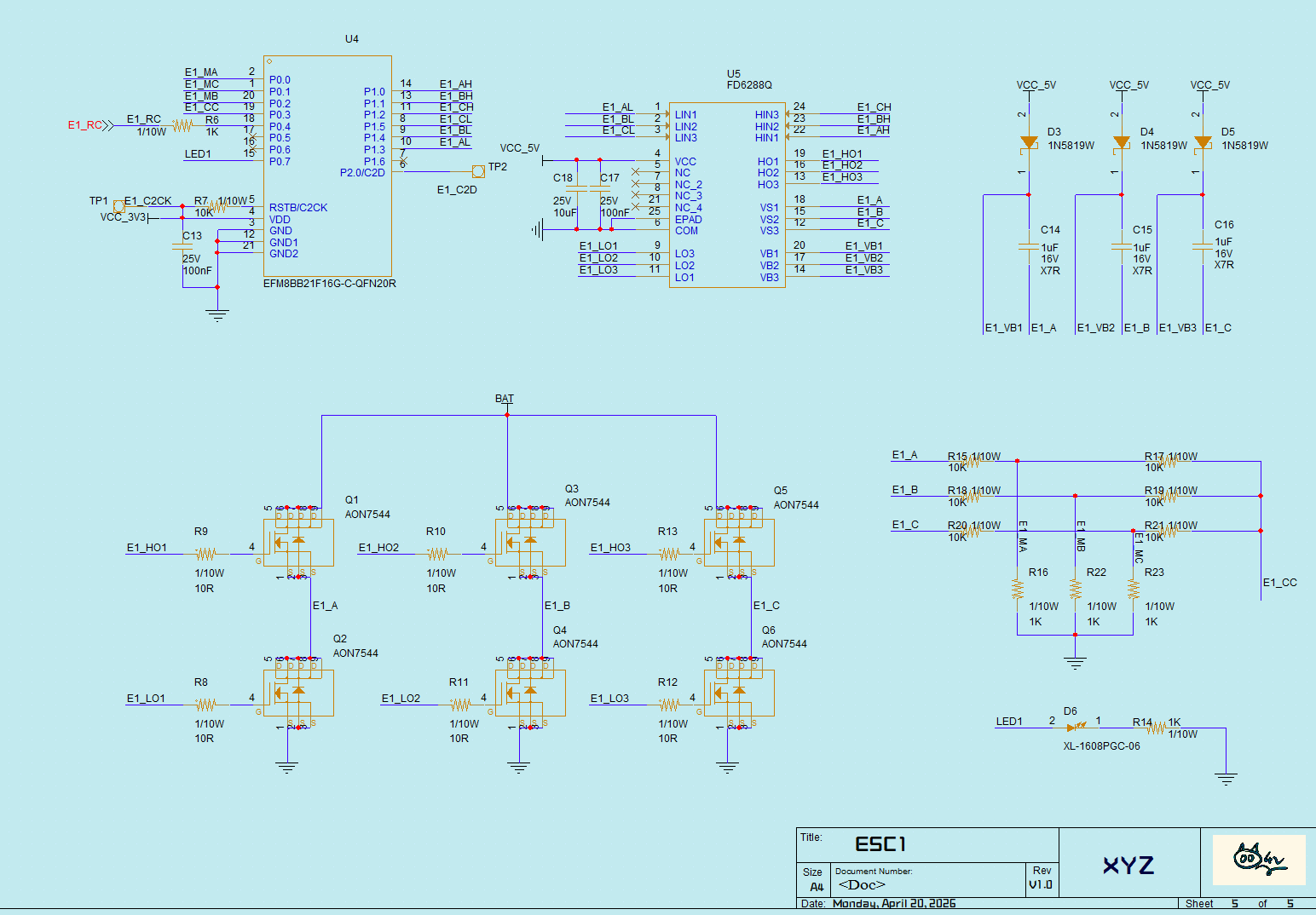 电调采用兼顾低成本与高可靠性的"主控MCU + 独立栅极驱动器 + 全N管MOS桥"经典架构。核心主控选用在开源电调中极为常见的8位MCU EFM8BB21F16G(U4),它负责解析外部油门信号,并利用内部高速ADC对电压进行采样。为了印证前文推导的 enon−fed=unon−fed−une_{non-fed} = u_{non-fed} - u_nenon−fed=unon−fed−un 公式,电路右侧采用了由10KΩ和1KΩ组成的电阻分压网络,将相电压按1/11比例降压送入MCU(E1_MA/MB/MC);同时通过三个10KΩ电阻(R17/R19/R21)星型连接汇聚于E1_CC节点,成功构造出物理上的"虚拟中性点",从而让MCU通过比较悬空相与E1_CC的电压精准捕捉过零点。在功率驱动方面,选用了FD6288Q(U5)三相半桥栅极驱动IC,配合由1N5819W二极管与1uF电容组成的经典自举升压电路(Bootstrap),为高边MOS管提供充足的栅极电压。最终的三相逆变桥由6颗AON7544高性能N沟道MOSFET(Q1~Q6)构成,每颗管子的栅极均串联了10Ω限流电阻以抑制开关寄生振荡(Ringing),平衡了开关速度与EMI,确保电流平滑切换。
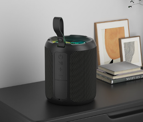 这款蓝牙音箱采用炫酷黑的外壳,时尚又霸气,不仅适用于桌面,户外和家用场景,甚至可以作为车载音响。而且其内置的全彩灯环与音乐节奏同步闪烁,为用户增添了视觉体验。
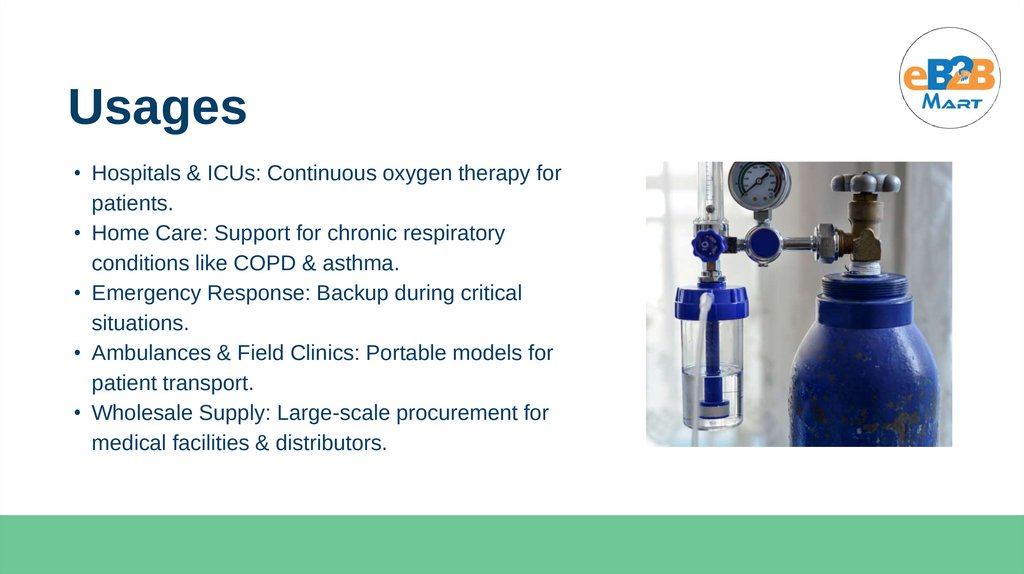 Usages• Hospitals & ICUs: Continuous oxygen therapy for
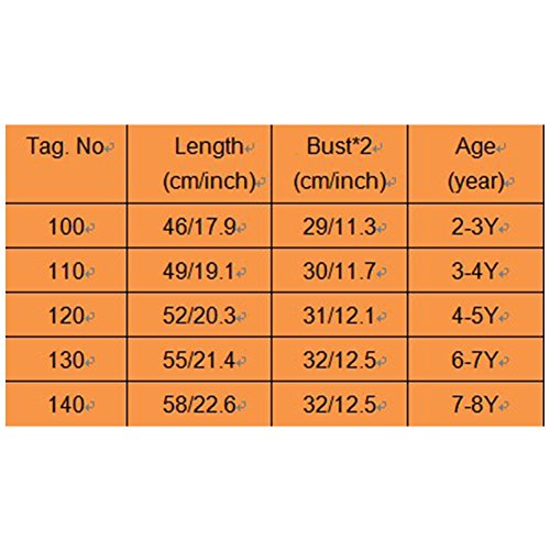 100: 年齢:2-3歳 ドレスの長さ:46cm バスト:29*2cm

§ **Work task**
Leave the pictures out, and print every line of the listing exactly as written.

§ **Exercise result**
 电调采用兼顾低成本与高可靠性的"主控MCU + 独立栅极驱动器 + 全N管MOS桥"经典架构。核心主控选用在开源电调中极为常见的8位MCU EFM8BB21F16G(U4),它负责解析外部油门信号,并利用内部高速ADC对电压进行采样。为了印证前文推导的 enon−fed=unon−fed−une_{non-fed} = u_{non-fed} - u_nenon−fed=unon−fed−un 公式,电路右侧采用了由10KΩ和1KΩ组成的电阻分压网络,将相电压按1/11比例降压送入MCU(E1_MA/MB/MC);同时通过三个10KΩ电阻(R17/R19/R21)星型连接汇聚于E1_CC节点,成功构造出物理上的"虚拟中性点",从而让MCU通过比较悬空相与E1_CC的电压精准捕捉过零点。在功率驱动方面,选用了FD6288Q(U5)三相半桥栅极驱动IC,配合由1N5819W二极管与1uF电容组成的经典自举升压电路(Bootstrap),为高边MOS管提供充足的栅极电压。最终的三相逆变桥由6颗AON7544高性能N沟道MOSFET(Q1~Q6)构成,每颗管子的栅极均串联了10Ω限流电阻以抑制开关寄生振荡(Ringing),平衡了开关速度与EMI,确保电流平滑切换。
 这款蓝牙音箱采用炫酷黑的外壳,时尚又霸气,不仅适用于桌面,户外和家用场景,甚至可以作为车载音响。而且其内置的全彩灯环与音乐节奏同步闪烁,为用户增添了视觉体验。
 Usages• Hospitals & ICUs: Continuous oxygen therapy for
 100: 年齢:2-3歳 ドレスの長さ:46cm バスト:29*2cm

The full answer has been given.